» **What you have to do**
Print exactly the lines from the one that contains "在FF14中的风水灵庙岩燕庙" through the last line of the material, both included, and leave out all pictures.

» **Dataset content**
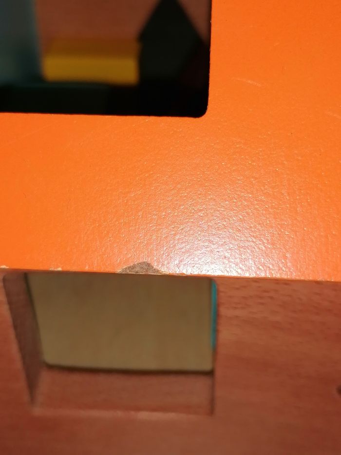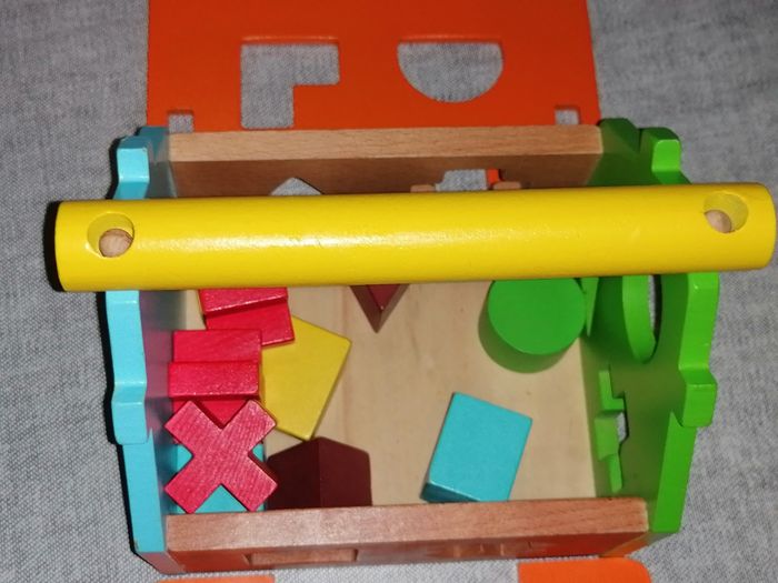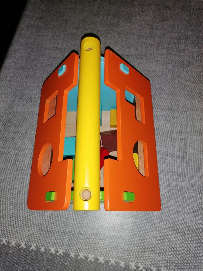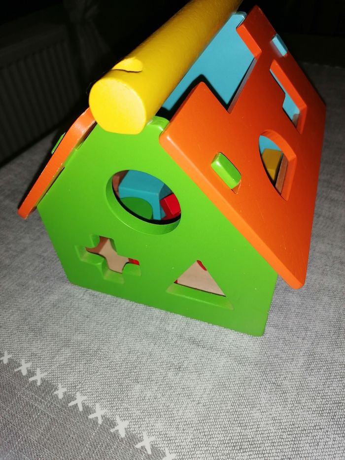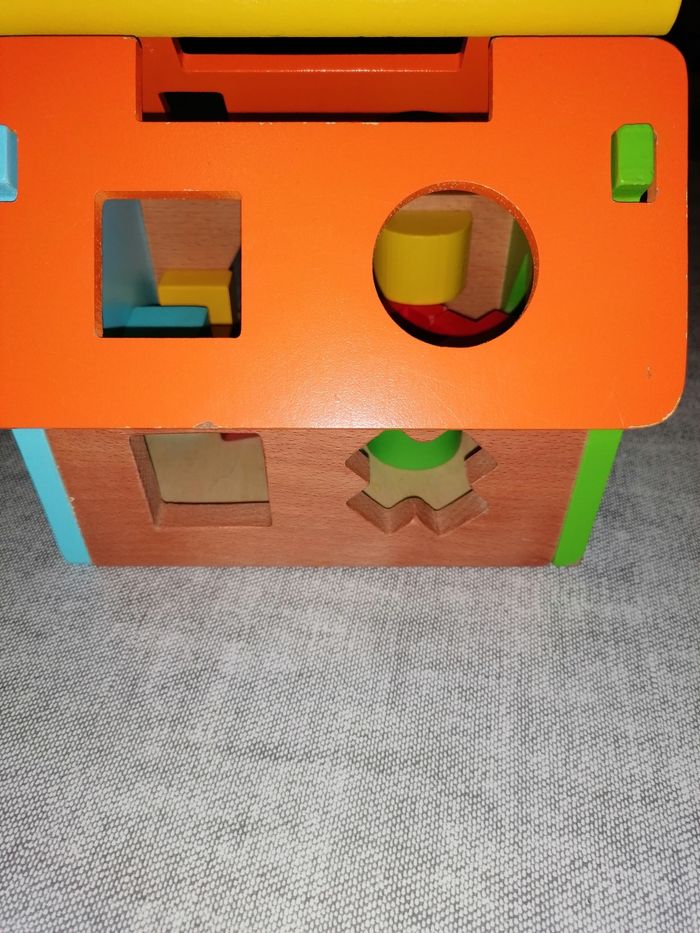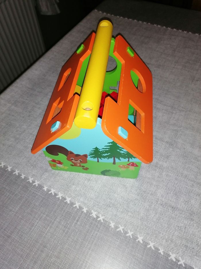 Petite maison de bois colorée avec cubes à forme, en très bon état, juste 2,3 petits défauts voir les dernières photo s
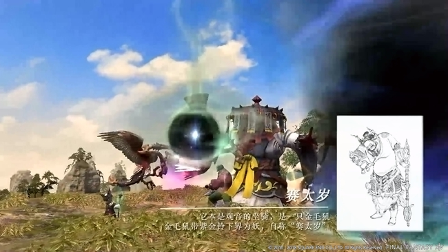 在FF14中的风水灵庙岩燕庙中,有个BOSS就是大家熟悉的“赛太岁”。在中国名著《西游记》中,赛太岁本是观音菩萨的坐骑金毛犼,它的项上饰物是紫金铃,金毛犼带紫金铃下界为妖,自称“赛太岁”。
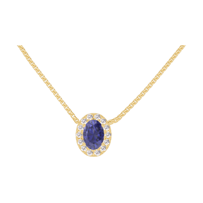 « L'ATELIER » Nº202126Naszyjnik Żółte złoto 375 - Niebieski szafir Owal 0.3 karat - Korona z kamieni Diament - Łańcuszek Wenecjana

» **Final answer**
 在FF14中的风水灵庙岩燕庙中,有个BOSS就是大家熟悉的“赛太岁”。在中国名著《西游记》中,赛太岁本是观音菩萨的坐骑金毛犼,它的项上饰物是紫金铃,金毛犼带紫金铃下界为妖,自称“赛太岁”。
 « L'ATELIER » Nº202126Naszyjnik Żółte złoto 375 - Niebieski szafir Owal 0.3 karat - Korona z kamieni Diament - Łańcuszek Wenecjana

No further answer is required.